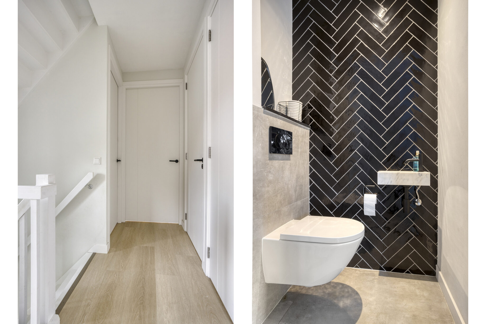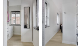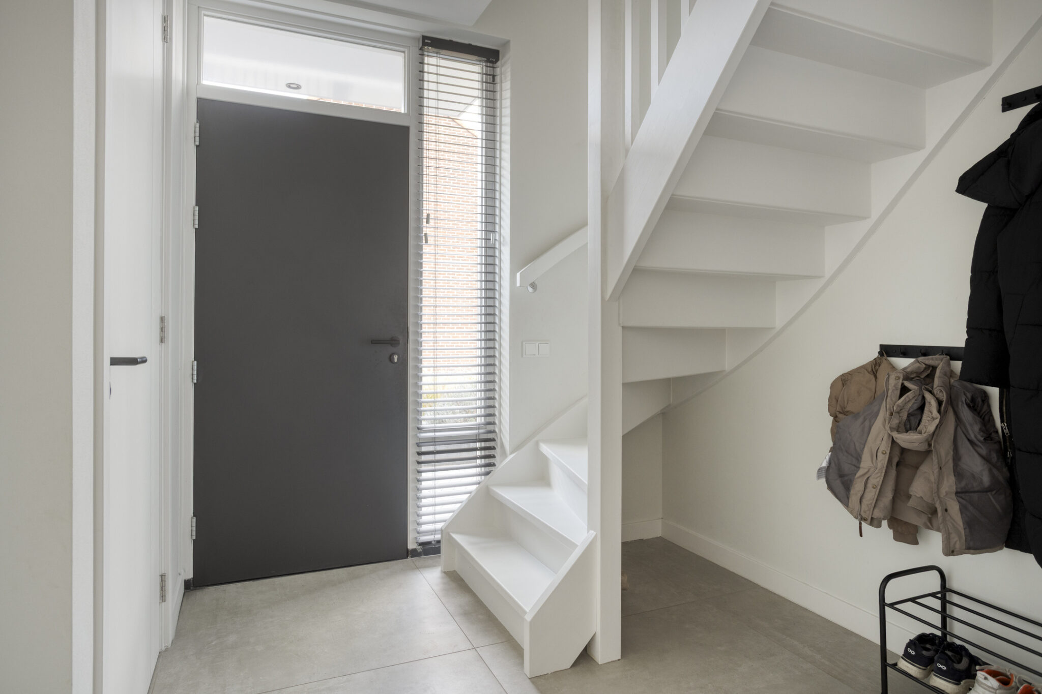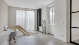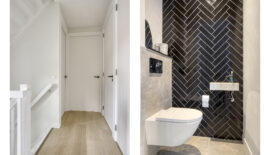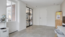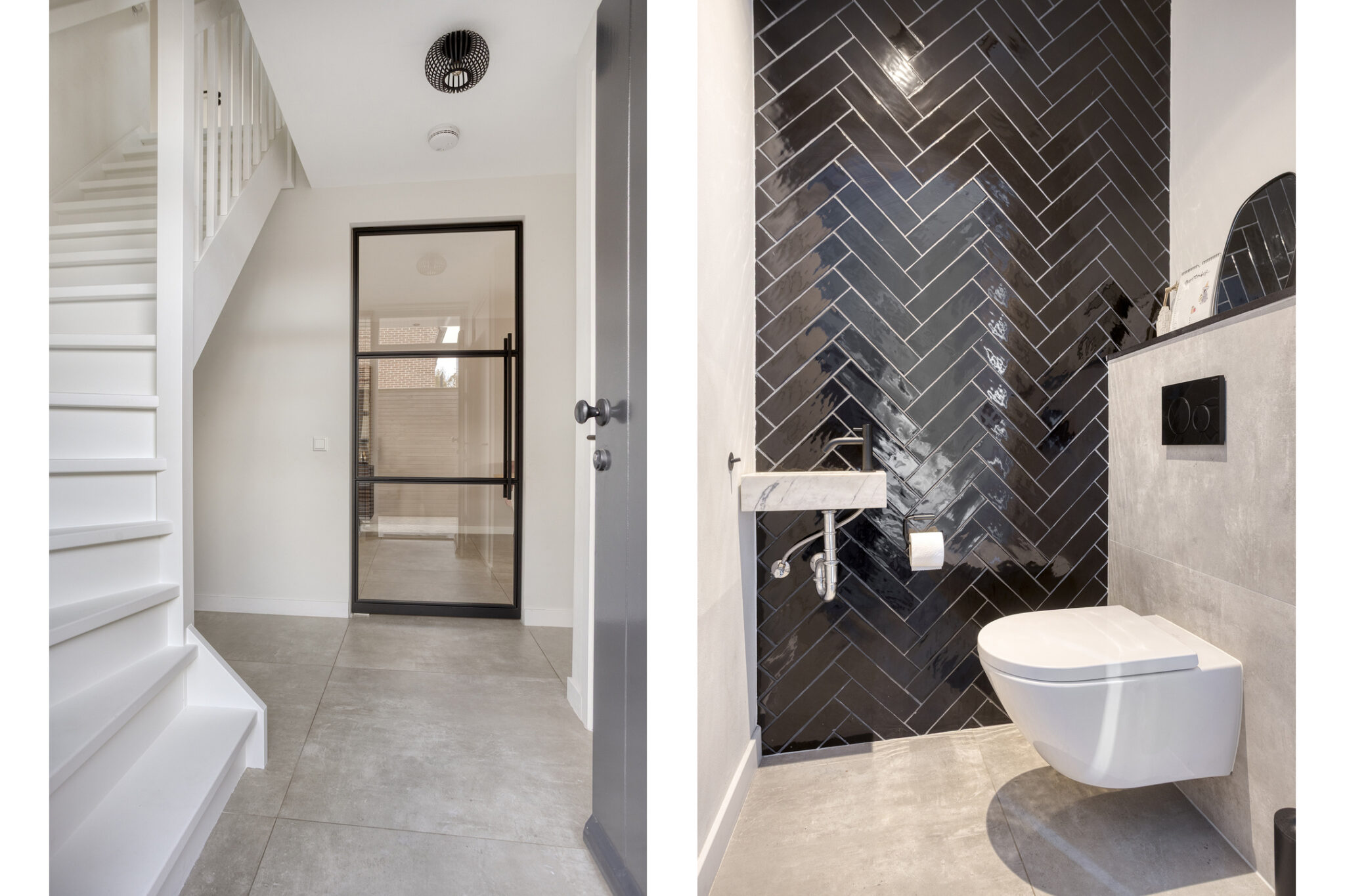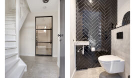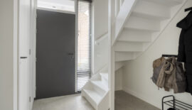 De entree van deze woning bevindt zich aan de zijkant, dit creëert een speelse én praktische indeling in het woongedeelte. Bij binnenkomst is meteen het hoogwaardige afwerkingsniveau van deze woning goed zichtbaar. In de hal is het toilet met fonteintje te vinden, net als de meterkast, en de trapopgang naar de eerste verdieping.
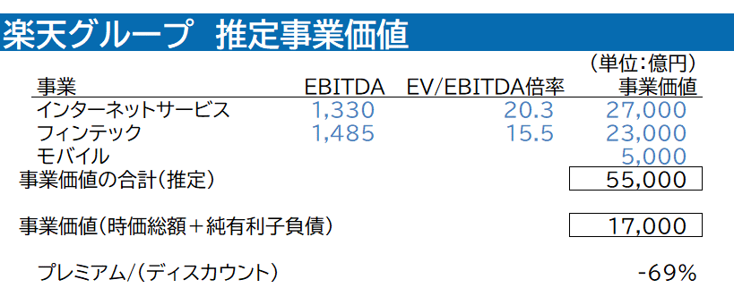 まず、QUICK・ファクトセットの予想を使って、今期のインターネットサービス、フィンテックのEBITDA(利払い・税引き・償却前利益)をそれぞれ1330億円、1485億円と試算しています。これに業界平均のEV(事業価値)/EBITDA倍率をかけて、事業価値を算出しています。問題は赤字のモバイル事業です。モバイル事業は、EV/売上高倍率で計算しており、それが約5000億円としています。3つの事業価値の合計5兆5000億円に対して、直近の時価総額をベースに試算した事業価値が1.7兆円なので、3事業の合計価値に比べ6割強低い、つまりコングロマリット・ディスカウントなのだということです。
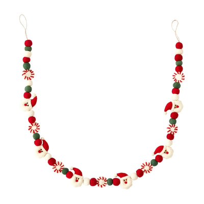 Get ready for Christmas with our Santa or Reindeer Christmas Garland! This festive decoration showcases delightful felted poms and icons, adorning sturdy jute cording. Crafted from 100% Wool shell, 100% Polyester filling, and adorned with 100% Wool decoration. It measures 60 inches in length, adding a touch of holiday charm to any space. Spot clean only to maintain its vibrant appeal throughout the season.
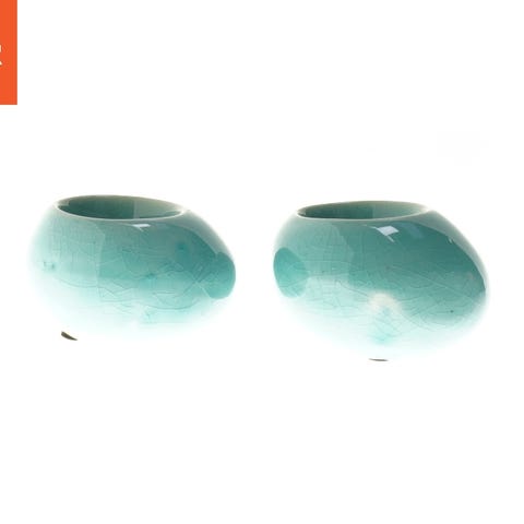 Sæt med 3 vaser i forskellige størrelser, fad, og olielampe. turkisblå. i fad men skår. brugsspor. billeder kvalitet er ikke god.
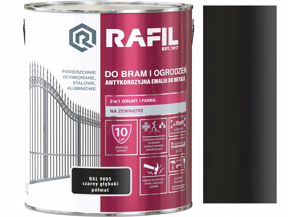 антикоррозивная эмалевая рафил для ворот и заборов предназначена для защитной и декоративной живописи металлических поверхностей: сталь, оцинкованные и алюминиевые эксплуатации на открытом воздухе.
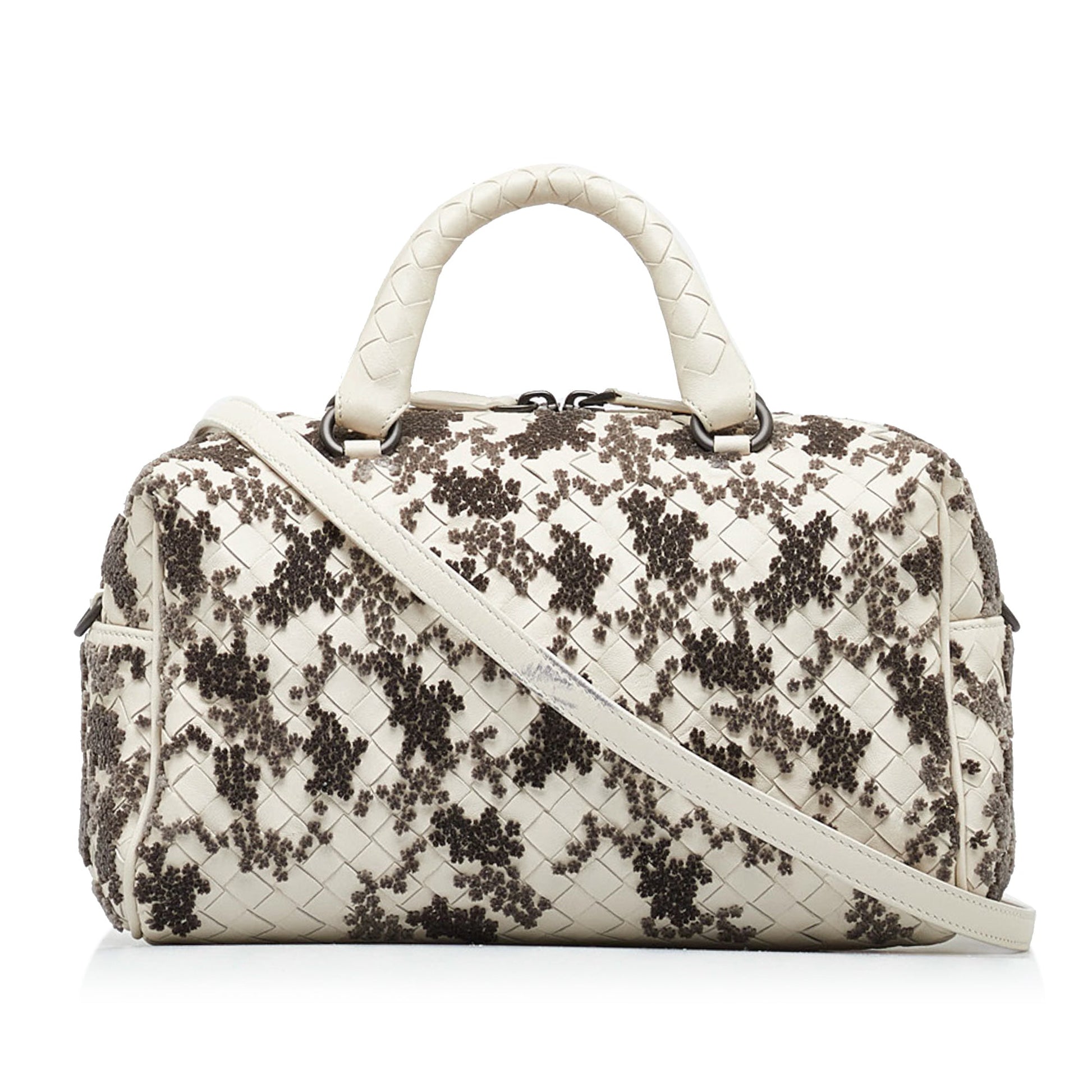 White Bottega Veneta In Mist Intrecciato Flocked Velvet Bouquet Duffel Bag Satchel
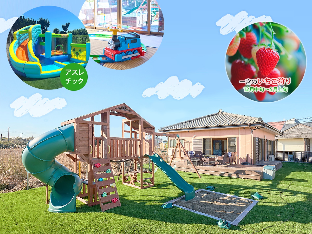 Welcome to KandoStay Kujukuri Park Garden! Kids love the private slide, swing & sandbox (visible from inside). Garden opens 12:00 (Check-in 15:00) Pets Free: Dogs & rabbits welcome! The garden doubles as a private dog run.Includes a spacious BBQ terrace, kids' amenities, and ocean breeze. Located near stylish cafes, beaches, surfing, horse riding, and strawberry picking. A perfect family & pet-friendly getaway!
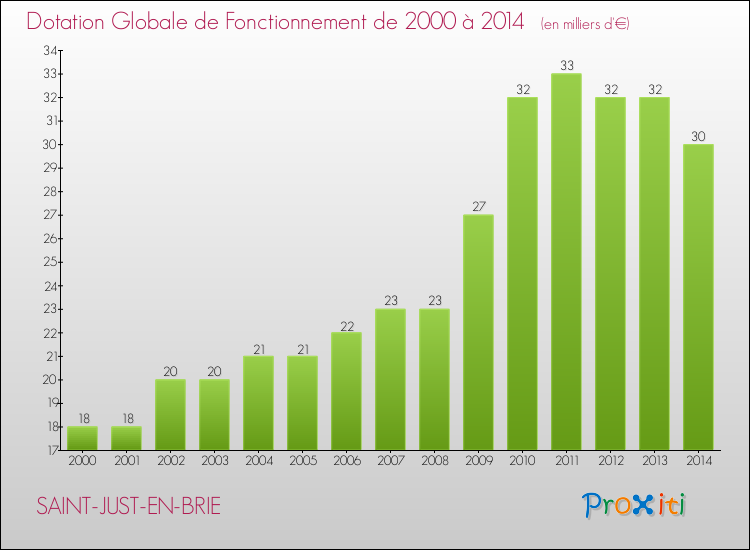 Dans le même temps, la Dotation Globale de Fonctionnement accordée aux communes françaises similaires à Saint-Just-en-Brie était de 230 € par habitant, en 2014.
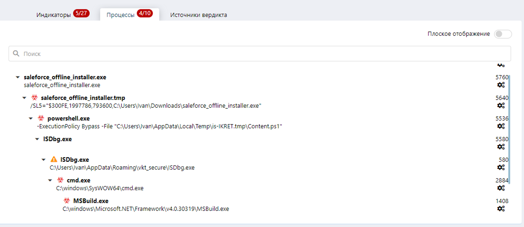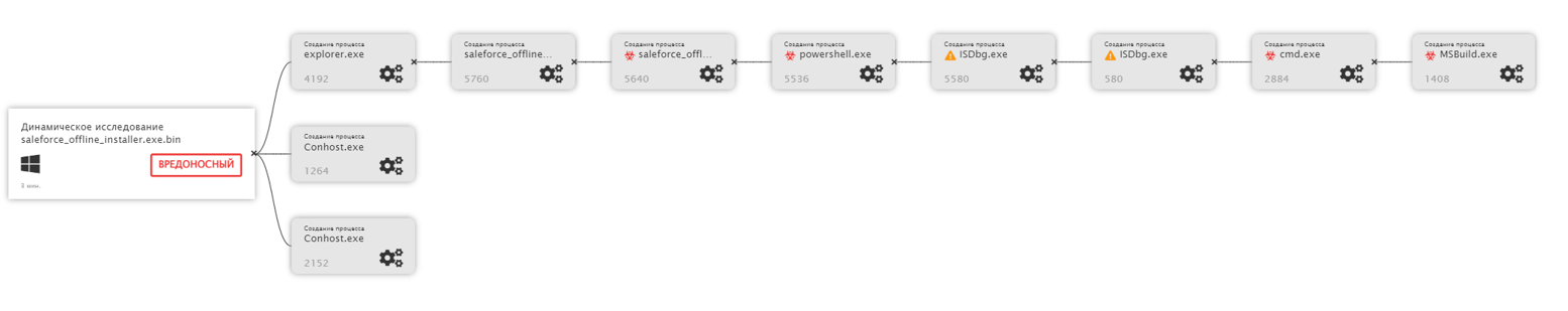 Все созданные процессы отображаются во вкладке «Процессы», в том числе, видно, что «saleforce_offline_installer.exe» создал и запустил процесс «powershell» и передал в качестве аргумента
================
WORK INSTRUCTION:
Restate the data above word for word. Do not include the images.

EXERCISE RESULT:
 De entree van deze woning bevindt zich aan de zijkant, dit creëert een speelse én praktische indeling in het woongedeelte. Bij binnenkomst is meteen het hoogwaardige afwerkingsniveau van deze woning goed zichtbaar. In de hal is het toilet met fonteintje te vinden, net als de meterkast, en de trapopgang naar de eerste verdieping.
 まず、QUICK・ファクトセットの予想を使って、今期のインターネットサービス、フィンテックのEBITDA(利払い・税引き・償却前利益)をそれぞれ1330億円、1485億円と試算しています。これに業界平均のEV(事業価値)/EBITDA倍率をかけて、事業価値を算出しています。問題は赤字のモバイル事業です。モバイル事業は、EV/売上高倍率で計算しており、それが約5000億円としています。3つの事業価値の合計5兆5000億円に対して、直近の時価総額をベースに試算した事業価値が1.7兆円なので、3事業の合計価値に比べ6割強低い、つまりコングロマリット・ディスカウントなのだということです。
 Get ready for Christmas with our Santa or Reindeer Christmas Garland! This festive decoration showcases delightful felted poms and icons, adorning sturdy jute cording. Crafted from 100% Wool shell, 100% Polyester filling, and adorned with 100% Wool decoration. It measures 60 inches in length, adding a touch of holiday charm to any space. Spot clean only to maintain its vibrant appeal throughout the season.
 Sæt med 3 vaser i forskellige størrelser, fad, og olielampe. turkisblå. i fad men skår. brugsspor. billeder kvalitet er ikke god.
 антикоррозивная эмалевая рафил для ворот и заборов предназначена для защитной и декоративной живописи металлических поверхностей: сталь, оцинкованные и алюминиевые эксплуатации на открытом воздухе.
 White Bottega Veneta In Mist Intrecciato Flocked Velvet Bouquet Duffel Bag Satchel
 Welcome to KandoStay Kujukuri Park Garden! Kids love the private slide, swing & sandbox (visible from inside). Garden opens 12:00 (Check-in 15:00) Pets Free: Dogs & rabbits welcome! The garden doubles as a private dog run.Includes a spacious BBQ terrace, kids' amenities, and ocean breeze. Located near stylish cafes, beaches, surfing, horse riding, and strawberry picking. A perfect family & pet-friendly getaway!
 Dans le même temps, la Dotation Globale de Fonctionnement accordée aux communes françaises similaires à Saint-Just-en-Brie était de 230 € par habitant, en 2014.
 Все созданные процессы отображаются во вкладке «Процессы», в том числе, видно, что «saleforce_offline_installer.exe» создал и запустил процесс «powershell» и передал в качестве аргумента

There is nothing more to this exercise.